I continue to believe that if I’m some apartment owner and I’m using [an AI tenant screening] product off the shelf, I’m not capable of testing this tool. If I use it the way it was intended, I should be able to rely on the testing of the developers to ensure that I’m not using a biased tool.
PN: Are you still working with Workday and with Microsoft?
Bauer-Kahan: We continue to be open to everybody’s feedback, but I’m not ever going to make policy that I don’t think is most protective of the people I represent just to keep somebody on board.
PN: The director of Utah’s new state office of AI told me recently that in many cases existing anti-discrimination laws, such as employment discrimination, are adequate for addressing potential algorithmic discrimination by AI systems, and that AI is not going into a completely unregulated realm.
Bauer-Kahan: He’s not wrong. If you discriminate on housing or lending, all of that is illegal. [But] when I looked about a year ago, courts were fairly divided on what that means for the developer and the deployer. So, if I use this tool and it discriminates in any of these settings, is the developer on the hook? Is it still just the hiring manager that’s using that tool?
Do we want to set the standard for that? Do we want to decide what the role of the developer and the deployer is in a world where there used to be one actor and now there’s two?
I do think that the developer of the software has some responsibility to ensure there’s no bias. That’s the clarity we’re bringing to the law that I think is really important. It’s important not just because you should be preventing discrimination as much as possible, but because in the world today you have to discriminate against a lot of people usually before you’re found responsible and there’s a change. And that’s not the world I want to live in.
If we can live in a world where I can test a tool in advance and ensure that everyone has an equal shot at the opportunity that’s being provided, that’s a much more exciting world.
Private companies are already doing this in many cases. That’s why you saw Workday and Microsoft supporting this — because they’re doing this impact assessment work. Bringing everyone up to that standard to protect people and to ensure more diverse workforces or more diverse housing opportunities or lending opportunities is the world I want California to be.

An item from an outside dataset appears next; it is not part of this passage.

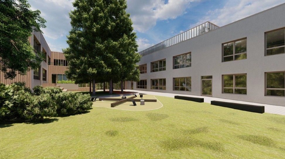 Įgyvendinant projektą bus modernizuojamas esamas mokslo paskirties pastatas ir sutvarkyta visa sklypo aplinka. Teritorijoje bus įrengtos naujos aktyvaus poilsio, žaidimų ir sporto zonos, lauko klasės bei multifunkcinė aikštė mokyklos ir bendruomenės renginiams. Sklypo vakarinėje dalyje, prie pagrindinio įėjimo, projektuojama kiemo dalis su suoliukais, vėliavų stiebais ir trinkelių takais. Reljefas keičiamas minimaliai, siekiant išsaugoti esamus medžius ir želdinius.

PN: Several California AI bills were enacted this year. Others such as the high-profile AI safety bill, SB 1047, were vetoed. What’s your broader sense of where California is in the iterative process of trying to get some guardrails around this emerging technology?
Bauer-Kahan: We’ve really started to lay the groundwork for what I think is good AI policy.
One of the things that nobody talks about — but I think is incredibly important and non-controversial — was defining AI in statute. Having sat on the privacy committee for six years and watched us not be able to move any AI legislation because nobody could agree what AI was, putting a consistent definition into law really allows us to move forward in a consistent way.
We saw some of what I would call the low-hanging fruit — the election integrity issue, some of the sexually explicit materials updates — passed that are critically important to protecting society.
The question becomes how do we expand out from there in the ways that people are being harmed — bias being one of them, but there are definitely other areas.
We really started to lay the groundwork to treat AI as we treat other systems, which I think is really what needs to happen.
PN: The expectation is President-elect Trump will repeal President Biden’s AI executive order. How will that affect AI policymaking in states such as California?
Bauer-Kahan: There was a lot that was being done under the executive order, especially at the Department of Commerce as it related to transparency. But given the fact that it was an executive order, it only had so much reach and so I don’t know that it’s going to be game-changing. It still remains that the states were and will be responsible for protecting society from AI as it expands.